Here is a cautionary tale and a point that some of you are making:

http://www.thestar.com/business/per...t_funds_10_years_later_bad_bad_and_worse.html

Buyer beware.


----------



## Belguy (May 24, 2010)

Squash500 said:


> That 10% cash is the exact reason why I won't invest in any mutual funds. I like the fact that ETFS are fully invested and transparent at all times.
> 
> The XTR (for example) holds no cash in its ETF whatsoever.


So, don't you have any allocation to 'cash' in your portfolio? Most advice that I've read suggests that you should have some. Ten per cent is often mentioned. I have a 10 per cent allocation in a HISA.

--Is anyone considering investing in any of the Mawer funds linked to above as opposed to an ETF that tracks the related indexes?


----------



## GoldStone (Mar 6, 2011)

Belguy said:


> --Is anyone considering investing in any of the Mawer funds linked to above as opposed to an ETF that tracks the related indexes?


Yes. Their balanced fund trounced my couch potato portfolio on 5 and 10 year basis (after fees). If and when I get tired of DIY investing, I may consider dumping the entire portfolio in two funds:

Registered accounts: Mawer Balanced
Taxable accounts: Mawer Tax-Advantaged Balanced

I would not consider mixing and matching their individual funds on my own.


----------



## fatcat (Nov 11, 2009)

belguy, i agree that we should all keep open minds and not get locked into any one view
but as others have said "past performance is no indication etc etc ...."
diy investors have a well known bias to gravitate to funds and equities that have had really good past returns

as far as i can tell their canadian equity that you reference has all the usual suspects in it but a lot less in materials which makes it less sensitive to commodity ups and downs which is probably a very good idea

based on what others have said, i will give these guys a look, they sound like a good shop


----------



## none (Jan 15, 2013)

What I think is interesting about these debates is it's extremely difficult to separate knowledge with luck. Sure you can point to the 10 year period and say 'it's not just luck" as obviously the managers do have a high level of skill. However, do they have enough skill to beat the market going forward or is it skill and a dash of luck that has kept them ahead? It's difficult to tell.

What I think is useful is to look at the theoretic underpinnings of stock market prediction. I think we can all agree that predicting the market is extremely difficult to do consistently over the long term - hence, the theory of the couch potato indicated following that strategy is likely the best method to achieve the greatest gains over a long period of time.

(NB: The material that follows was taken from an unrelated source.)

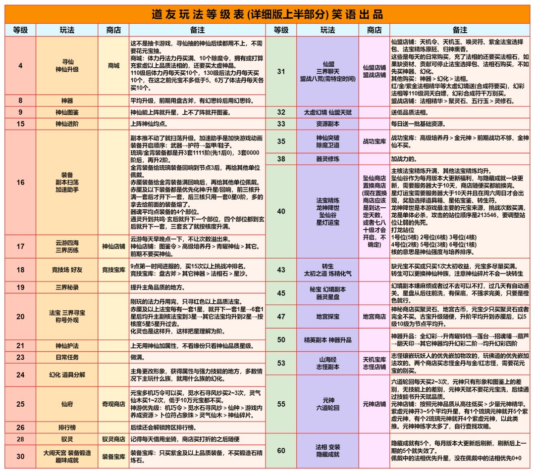 本应该是最长最重要的一个篇幅,全集中在表里了,里面有很多基础的东西,一定要仔细看!一定要仔细看!一定要仔细看!看不清的保存在相册观看,一键助手设置与万仙阵答案放最下面了。

20 % of Managed funds however, have shown to only beat the index each year (http://www.forbes.com/sites/rickferri/2012/08/20/index-fund-portfolios-reign-superior/2/) and a few funds will beat the index consistently over 10 years. Luck or skill? It's your call but a lot of people would suggest that it takes skill to match the index and luck to beat it.

anyway, interesting forbes read anyway.


----------



## Squash500 (May 16, 2009)

Belguy said:


> So, don't you have any allocation to 'cash' in your portfolio? Most advice that I've read suggests that you should have some. Ten per cent is often mentioned. I have a 10 per cent allocation in a HISA.
> 
> --Is anyone considering investing in any of the Mawer funds linked to above as opposed to an ETF that tracks the related indexes?


 I have about a 10-15% cash allocation in my portfolio in the form of HISA and a GIC. I think it's a waste of money to pay a fund manager to hold cash in his/her mutual fund.

Another problem is that TDW charges an extra fee to hold funds in your discount brokerage account that don't pay them a trailer.... such as Mawer and Steadyhand etc.


----------



## GoldStone (Mar 6, 2011)

Squash500 said:


> Another problem is that TDW charges an extra fee to hold funds in your discount brokerage account that don't pay them a trailer.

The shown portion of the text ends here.